──────── RAW DATA
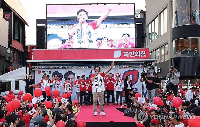 (포항=연합뉴스) 박동주 기자 = 국민의힘 김문수 대선 후보가 31일 경북 포항시 북포항우체국 앞에서 열린 집중유세에서 지지를 호소하고 있다. 2025.5.31
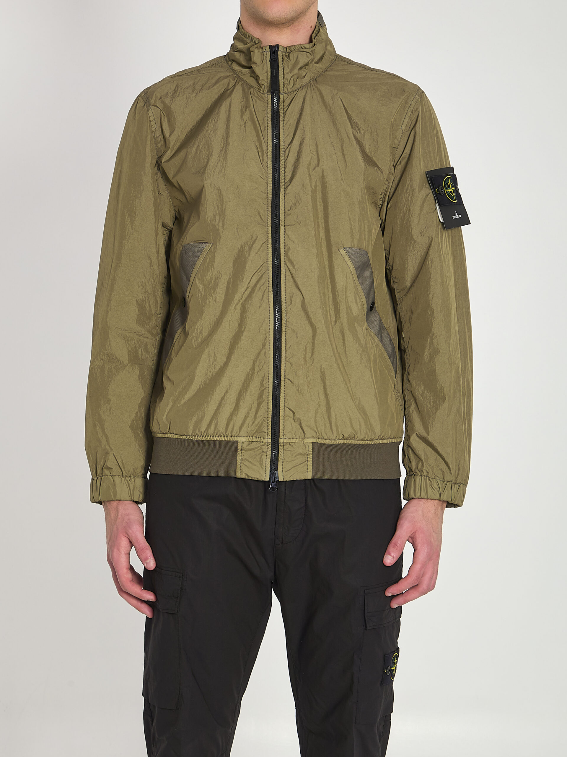 Military green lightweight nylon jacket. It features an internal ribbed collar, a zip front closure, two front button pockets, long sleeves, elastic cuffs, an iconic applied badge on the sleeve, a ribbed hem, and a nylon lining. Regular fit.
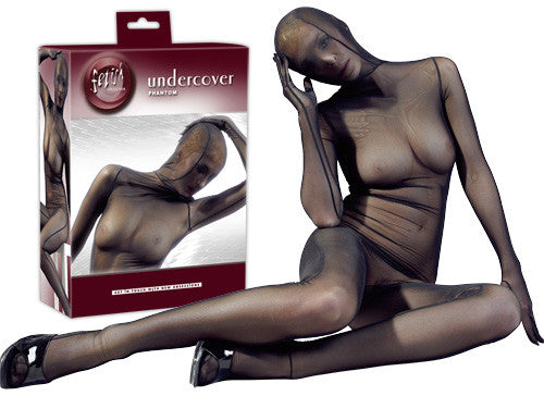 Black jumpsuit made of transparent, elastic power net. All body parts are completely covered even head, hands and feet. Zipper in the back. Material: 90% polyamid, 10% elastane.
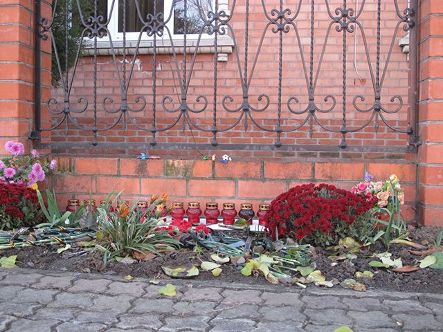 У дома перед резной оградой лежат цветы. Тут же стоят рядком двенадцать лампадок. На калитке предупреждение: «Осторожно, злая собака». Но никакой собаки за забором нет. Гробовая тишина была ответом на мой стук. Из соседнего дома вышел пожилой мужчина. Взгляд полон скорби. Это Владимир Сребный, отец Натальи Касьян, которую с 14-летним сыном убили в доме Аметовых.
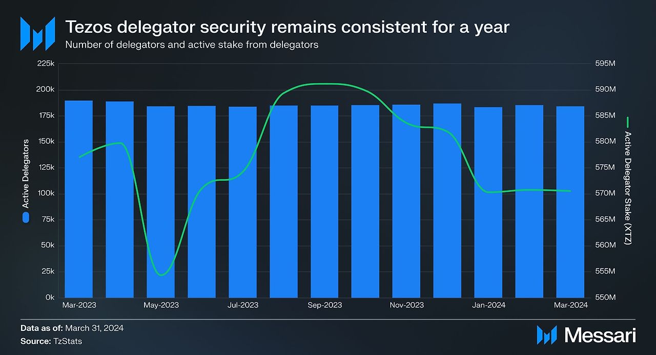 위임자들은 활성 검증자에게 XTZ를 스테이킹하고 거래 수수료와 보상의 일부를 받습니다. 1분기 동안 활성 위임자와 위임된 스테이크는 각각 1.4%와 2.5% 감소했습니다.
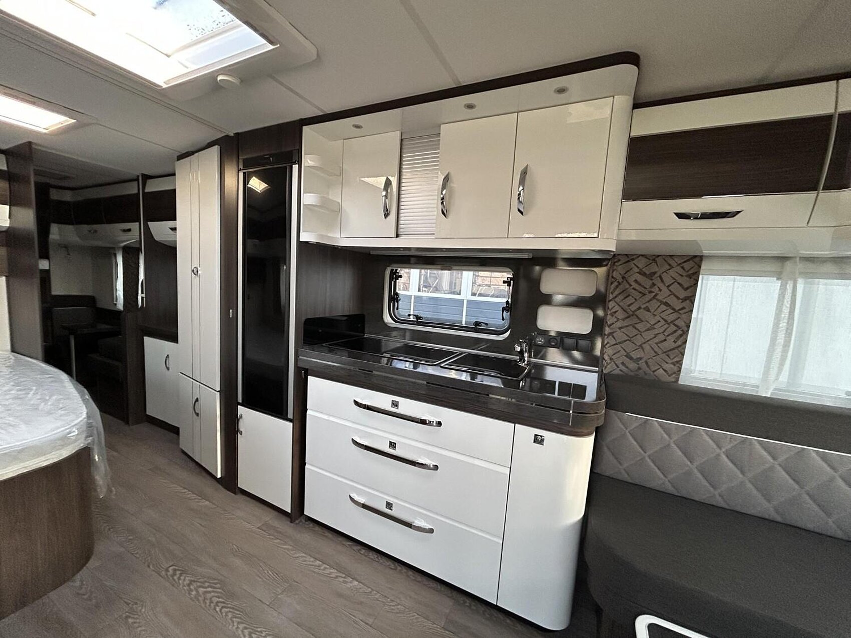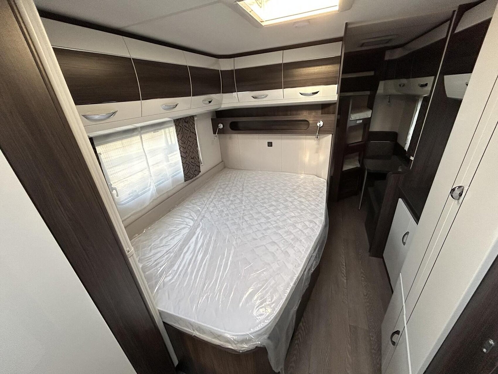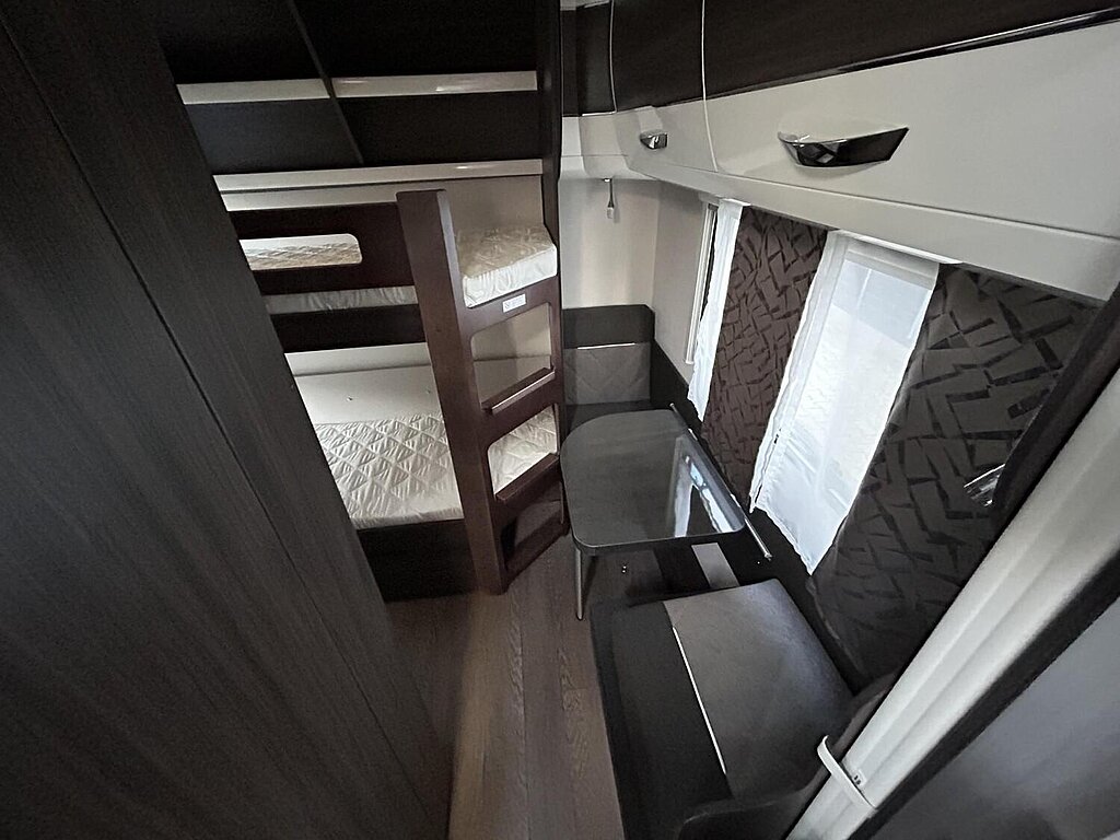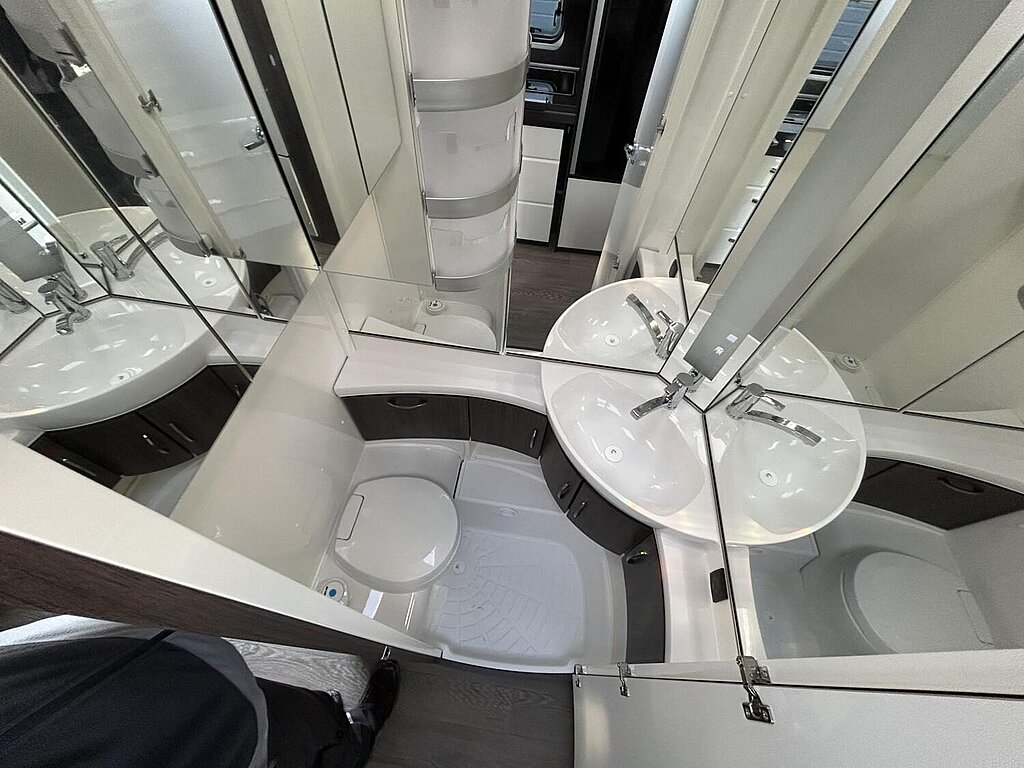 - Winterbelüftung für Sitzgruppe, Stauschränke und Betten, Eingangstür einteilig, extrabreit mit Dreifachverriegelung, Fenster
────────────────
_EXERCISE GOAL_. Exact transcription of the full listing above is required; images do not belong in it.

_TASK SOLUTION_.
 (포항=연합뉴스) 박동주 기자 = 국민의힘 김문수 대선 후보가 31일 경북 포항시 북포항우체국 앞에서 열린 집중유세에서 지지를 호소하고 있다. 2025.5.31
 Military green lightweight nylon jacket. It features an internal ribbed collar, a zip front closure, two front button pockets, long sleeves, elastic cuffs, an iconic applied badge on the sleeve, a ribbed hem, and a nylon lining. Regular fit.
 Black jumpsuit made of transparent, elastic power net. All body parts are completely covered even head, hands and feet. Zipper in the back. Material: 90% polyamid, 10% elastane.
 У дома перед резной оградой лежат цветы. Тут же стоят рядком двенадцать лампадок. На калитке предупреждение: «Осторожно, злая собака». Но никакой собаки за забором нет. Гробовая тишина была ответом на мой стук. Из соседнего дома вышел пожилой мужчина. Взгляд полон скорби. Это Владимир Сребный, отец Натальи Касьян, которую с 14-летним сыном убили в доме Аметовых.
 위임자들은 활성 검증자에게 XTZ를 스테이킹하고 거래 수수료와 보상의 일부를 받습니다. 1분기 동안 활성 위임자와 위임된 스테이크는 각각 1.4%와 2.5% 감소했습니다.
 - Winterbelüftung für Sitzgruppe, Stauschränke und Betten, Eingangstür einteilig, extrabreit mit Dreifachverriegelung, Fenster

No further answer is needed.